[WHAT YOU HAVE TO DO]
Take the lines from the one containing "March 25, 2024." through the end of the material and write them out exactly, omitting pictures.

[DATA BLOCK]
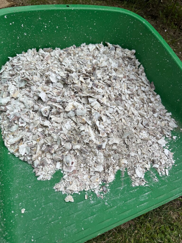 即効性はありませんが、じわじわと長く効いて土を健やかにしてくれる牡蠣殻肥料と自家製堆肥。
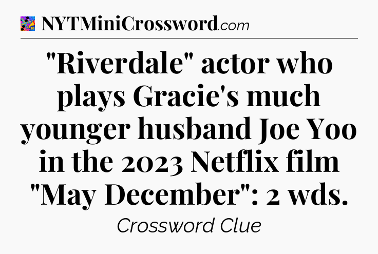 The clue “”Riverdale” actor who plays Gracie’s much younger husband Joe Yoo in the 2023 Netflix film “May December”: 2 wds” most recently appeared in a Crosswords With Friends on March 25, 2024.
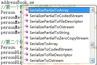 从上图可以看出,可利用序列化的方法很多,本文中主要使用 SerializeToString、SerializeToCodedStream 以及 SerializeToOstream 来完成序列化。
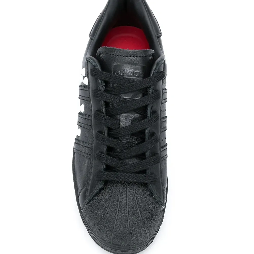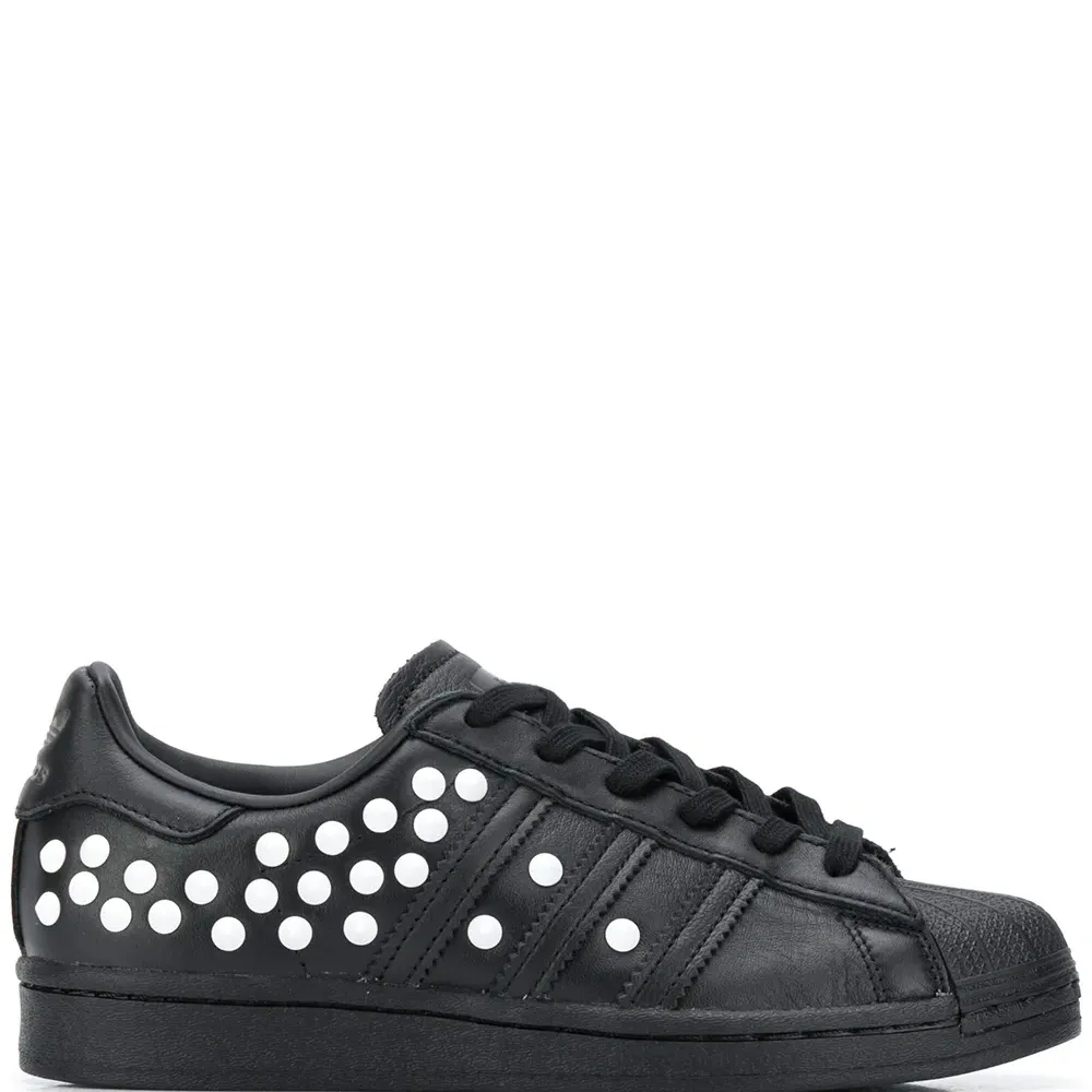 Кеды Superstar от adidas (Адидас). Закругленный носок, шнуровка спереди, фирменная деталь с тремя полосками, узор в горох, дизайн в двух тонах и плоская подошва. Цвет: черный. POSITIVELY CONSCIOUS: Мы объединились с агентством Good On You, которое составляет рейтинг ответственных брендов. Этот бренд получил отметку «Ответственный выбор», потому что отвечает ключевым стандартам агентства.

[ANSWER TO THIS EXERCISE]
 The clue “”Riverdale” actor who plays Gracie’s much younger husband Joe Yoo in the 2023 Netflix film “May December”: 2 wds” most recently appeared in a Crosswords With Friends on March 25, 2024.
 从上图可以看出,可利用序列化的方法很多,本文中主要使用 SerializeToString、SerializeToCodedStream 以及 SerializeToOstream 来完成序列化。
 Кеды Superstar от adidas (Адидас). Закругленный носок, шнуровка спереди, фирменная деталь с тремя полосками, узор в горох, дизайн в двух тонах и плоская подошва. Цвет: черный. POSITIVELY CONSCIOUS: Мы объединились с агентством Good On You, которое составляет рейтинг ответственных брендов. Этот бренд получил отметку «Ответственный выбор», потому что отвечает ключевым стандартам агентства.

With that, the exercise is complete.